Detesto las líneas telúricas —chilló Virginia Dare mientras se zambullían en el agua helada.
—¡Y me lo dices ahora! —se quejó Dee. Se deslizaron hacia abajo, abajo, abajo… y, de repente, el agua desapareció y se sumergieron en una completa y total oscuridad.
—Y particularmente odio éstas, en las que uno está cayendo durante un buen rato…
La voz de Virginia sonaba apagada y débil, como si estuviera hablando en un espacio diminuto.
—Tampoco me entusiasman las líneas en que uno tiene que saltar.
El doctor John Dee intentaba orientarse, pero sumido en aquella penumbra no estaba seguro de qué dirección era hacia arriba y cuál hacia abajo.
—¿Qué te parece una luz? —propuso Virginia—. Creo que ahora nos iría la mar de bien.
—¿Te han dicho alguna vez que hablas demasiado?

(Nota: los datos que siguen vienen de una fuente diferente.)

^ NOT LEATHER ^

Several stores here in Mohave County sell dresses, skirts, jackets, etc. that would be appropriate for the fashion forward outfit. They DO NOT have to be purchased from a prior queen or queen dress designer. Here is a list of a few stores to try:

—No —respondió Virginia algo sorprendida—. ¿Hablo demasiado? Supongo que sí —admitió finalmente. De repente su voz cambió, cobrando un tono más salvaje—. ¡Pero sólo cuando me adentro en una línea telúrica oscura! Entonces tengo algunas cosas que decir.

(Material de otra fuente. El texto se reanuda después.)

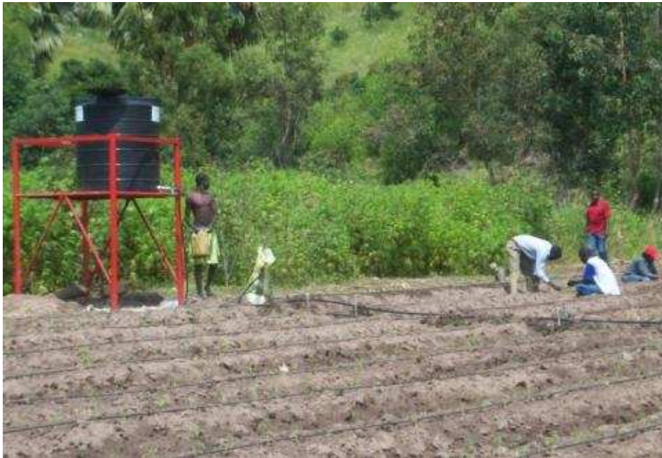
Solar-powered drip irrigation

Los oídos se les destaparon y una bocanada de efluvios atroces le abrumó, como si se acabaran de desplomar sobre nubes pestilentes. De repente, la sensación de movimiento se detuvo, aunque seguían en un vacío negro e ingrávido.

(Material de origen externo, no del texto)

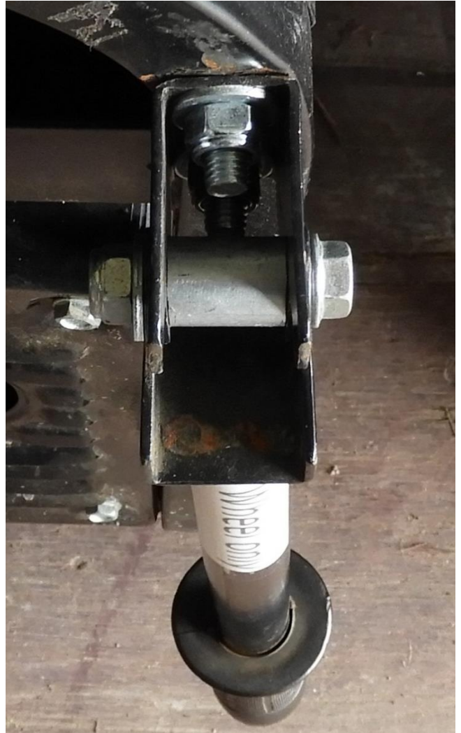
Fitted spacers to the generator handle brackets to prevent the "fingers" from collapsing inward. A job that has needed doing ever since it was purchased. For the money it's a great generator – just needed a bit of finishing off.

—¿Tienes una cerilla? —preguntó Virginia.
—¿Una cerilla? —repitió Dee, algo confundido.
—Creí que vosotros, los magos, siempre llevabais cerillas. Para encender vuestras velas. ¿Acaso los magos no estáis siempre encendiendo velas?
—Uso luz eléctrica desde el siglo pasado —murmuró Dee—. Nunca llevo cerillas encima.
—Está muy oscuro —se quejó Virginia, planteando lo evidente—. Es miedoso.
—No me digas que tienes miedo a la oscuridad. —No a la oscuridad, doctor, sino a lo que habita en ella.
Con un suspiro, Dee buscó bajo su abrigo y extrajo la espada de piedra. En el instante que su piel tocó la hoja de la espada, el filo empezó a resplandecer, primero de color gris, después azul, y finalmente explosionó en una luz brillante y cegadora que, en cuestión de segundos, se tiñó de color rojo, iluminando los alrededores con una luz fría y agreste. Unas serpentinas de fuego se desgajaron de la espada, pero se trataba de un fuego frío que dejaba una estela de copos de hielo a su rastro.
—Mmm… no hay mucho que ver —constató Dee mirando a su alrededor.
Virginia Dare permaneció tras él mientras las llamaradas rojas y gélidas le iluminaban el rostro. Después, muy despacio, se volvió:
—Creo que me gustaba más cuando no veía.
Un paisaje estéril e inhóspito se extendía ante ellos, gris y llano en todas direcciones. Bajo sus pies, las únicas marcas en el suelo polvoriento eran sus propias huellas.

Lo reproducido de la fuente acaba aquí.